In het volgende diagram ziet u de end-to-end-werkstroom voor het inschakelen van Microsoft Entra Domain Services-verificatie via SMB voor Azure Files.

Diagram showing Microsoft Entra ID over SMB for Azure Files workflow.

Microsoft Entra Domain Services-verificatie inschakelen voor uw account

Als u Microsoft Entra Domain Services-verificatie via SMB wilt inschakelen voor Azure Files, kunt u een eigenschap instellen voor opslagaccounts met gebruikmaking van Azure Portal, Azure PowerShell of Azure CLI. Als u deze eigenschap inschakelt, wordt het opslagaccount impliciet toegevoegd aan het domein van de corresponderendeMicrosoft Entra Domain Services-implementatie. Microsoft Entra Domain Services-verificatie via SMB wordt vervolgens ingeschakeld voor alle nieuwe en bestaande bestandsshares in het opslagaccount.

Houd er rekening mee dat u Microsoft Entra Domain Services-verificatie via SMB alleen kunt inschakelen nadat u Microsoft Entra Domain Services hebt geïmplementeerd in uw Microsoft Entra-tenant. Zie de vereisten voor meer informatie.

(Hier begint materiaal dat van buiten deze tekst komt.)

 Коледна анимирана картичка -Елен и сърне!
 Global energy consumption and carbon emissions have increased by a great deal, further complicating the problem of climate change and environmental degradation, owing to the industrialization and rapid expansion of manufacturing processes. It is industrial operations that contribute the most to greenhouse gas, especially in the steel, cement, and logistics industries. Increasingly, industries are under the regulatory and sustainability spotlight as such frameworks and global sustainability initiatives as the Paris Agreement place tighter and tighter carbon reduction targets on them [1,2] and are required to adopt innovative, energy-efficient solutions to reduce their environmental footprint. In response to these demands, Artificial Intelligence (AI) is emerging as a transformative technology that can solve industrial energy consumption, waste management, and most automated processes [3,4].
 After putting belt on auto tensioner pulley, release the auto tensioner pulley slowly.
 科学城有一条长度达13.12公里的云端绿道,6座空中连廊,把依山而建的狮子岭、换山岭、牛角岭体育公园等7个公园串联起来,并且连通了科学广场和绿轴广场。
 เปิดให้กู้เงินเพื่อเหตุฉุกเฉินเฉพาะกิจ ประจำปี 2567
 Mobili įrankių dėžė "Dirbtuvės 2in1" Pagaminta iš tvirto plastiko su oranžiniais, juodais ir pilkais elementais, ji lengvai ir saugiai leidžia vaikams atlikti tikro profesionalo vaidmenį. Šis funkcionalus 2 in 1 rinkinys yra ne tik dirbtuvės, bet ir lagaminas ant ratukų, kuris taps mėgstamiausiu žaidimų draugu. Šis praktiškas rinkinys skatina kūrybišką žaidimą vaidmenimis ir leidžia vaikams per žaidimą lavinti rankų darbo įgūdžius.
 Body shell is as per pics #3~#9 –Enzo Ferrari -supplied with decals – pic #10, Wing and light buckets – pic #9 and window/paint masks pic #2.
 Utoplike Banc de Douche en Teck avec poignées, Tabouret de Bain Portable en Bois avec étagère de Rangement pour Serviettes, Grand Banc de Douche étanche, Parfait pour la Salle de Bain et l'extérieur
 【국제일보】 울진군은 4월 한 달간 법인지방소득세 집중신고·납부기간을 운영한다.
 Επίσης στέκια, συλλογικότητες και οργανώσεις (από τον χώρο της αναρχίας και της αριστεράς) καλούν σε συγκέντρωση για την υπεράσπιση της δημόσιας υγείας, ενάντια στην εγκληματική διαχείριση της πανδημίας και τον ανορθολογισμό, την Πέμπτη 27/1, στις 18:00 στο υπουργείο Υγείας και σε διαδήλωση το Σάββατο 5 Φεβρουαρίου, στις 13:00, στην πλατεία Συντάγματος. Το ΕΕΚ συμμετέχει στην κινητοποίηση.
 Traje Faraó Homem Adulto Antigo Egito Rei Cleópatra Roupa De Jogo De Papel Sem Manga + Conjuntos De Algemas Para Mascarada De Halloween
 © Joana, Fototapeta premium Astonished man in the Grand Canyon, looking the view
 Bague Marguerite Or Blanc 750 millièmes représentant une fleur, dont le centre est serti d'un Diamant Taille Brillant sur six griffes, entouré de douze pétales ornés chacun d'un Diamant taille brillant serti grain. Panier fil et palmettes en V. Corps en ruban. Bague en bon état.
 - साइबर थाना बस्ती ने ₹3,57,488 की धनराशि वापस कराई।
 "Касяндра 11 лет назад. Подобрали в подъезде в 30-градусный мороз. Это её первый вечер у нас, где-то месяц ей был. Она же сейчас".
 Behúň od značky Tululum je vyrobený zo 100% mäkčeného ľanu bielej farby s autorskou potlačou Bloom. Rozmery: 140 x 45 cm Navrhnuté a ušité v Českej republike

Voer de volgende stappen uit om Microsoft Entra Domain Services-verificatie via SMB in te schakelen via Azure Portal:

  1. Ga in Azure Portal naar uw bestaande opslagaccount of maak een opslagaccount.

  2. Selecteer Bestandsshares voor gegevensopslag>.

  3. Selecteer in de sectie Instellingen voor bestandsshare de optie Op identiteit gebaseerde toegang: Niet geconfigureerd.

    Screenshot of the file shares pane in your storage account, identity-based access is highlighted.

  4. Selecteer Onder Microsoft Entra Domain Services de optie Instellen en schakel vervolgens de functie in door het selectievakje in te schakelen.

  5. Selecteer Opslaan.

    Screenshot of the identity-based access configuration pane, Microsoft Entra Domain Services is enabled as the source.

Standaard maakt Microsoft Entra Domain Services-verificatie gebruik van Kerberos RC4-versleuteling. U wordt aangeraden deze te configureren voor het gebruik van Kerberos AES-256-versleuteling door deze instructies te volgen.

Voor de actie moet een bewerking worden uitgevoerd op het Active Directory-domein dat wordt beheerd door Microsoft Entra Domain Services om een domeincontroller te bereiken om een wijziging van de eigenschap aan te vragen voor het domeinobject. De onderstaande cmdlets zijn Windows Server Active Directory PowerShell-cmdlets, niet Azure PowerShell-cmdlets. Daarom moeten deze PowerShell-opdrachten worden uitgevoerd vanaf een clientcomputer die lid is van het Domein van Microsoft Entra Domain Services.

Belangrijk

De Windows Server Active Directory PowerShell-cmdlets in deze sectie moeten worden uitgevoerd in Windows PowerShell 5.1 vanaf een clientcomputer die lid is van een domein dat is toegevoegd aan het domein Microsoft Entra Domain Services. PowerShell 7.x en Azure Cloud Shell werken niet in dit scenario.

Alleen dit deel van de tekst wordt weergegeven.